By increasing the added copper to 6%, the weight loss was decreased to 33% of the Al-Si base metal sample. This may be explained due to the more precipitated fine copper aluminide intermetallic particles within the grain boundaries of the Al-Si matrix. On the other hand, the relatively higher wear rate (lower wear resistance) of the 10% and 15% added copper samples came from the clusters of the added copper particles and due to the cracks that appeared within the microstructure. During the wear test, some patches of these clusters came out which increased the wear rate. At the same time, the cracks permitted and accelerated the scaling of large debris during the wear test.
Regarding the wear behavior of the heat treated 6% added copper, it can be seen from
Figure 14 that there was a big difference in wear loss values at different heat treatment temperatures and times. When the temperature and time were 380 °C and 6 h, respectively, the wear weight loss shows a lower value.
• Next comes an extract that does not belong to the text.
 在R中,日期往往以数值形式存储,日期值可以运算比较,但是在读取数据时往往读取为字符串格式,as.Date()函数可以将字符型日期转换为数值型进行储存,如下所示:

This is due to the existence of fine hard copper aluminide intermetallic particles aligned in a uniform manner which strengthened the Al-Si matrix and also protected the softer matrix. At the same time, these fine particles showed great effect in refining matrix grains by providing more crystal nucleuses during the solidification phase. The fine particles and matrix resist the cutting into the surface by the counter material. When the holding time was increased to 18 h, the wear loss was slightly shifted to a higher value due to the grain coarsening.
The wear weight loss for samples treated at 450 °C was higher than that of samples treated at lower temperature (380 °C). The increase in the number of hard copper aluminide intermetallic particles formed could not help in improving the wear resistance due to the grain coarsening and the appearance of crack networks within the matrix.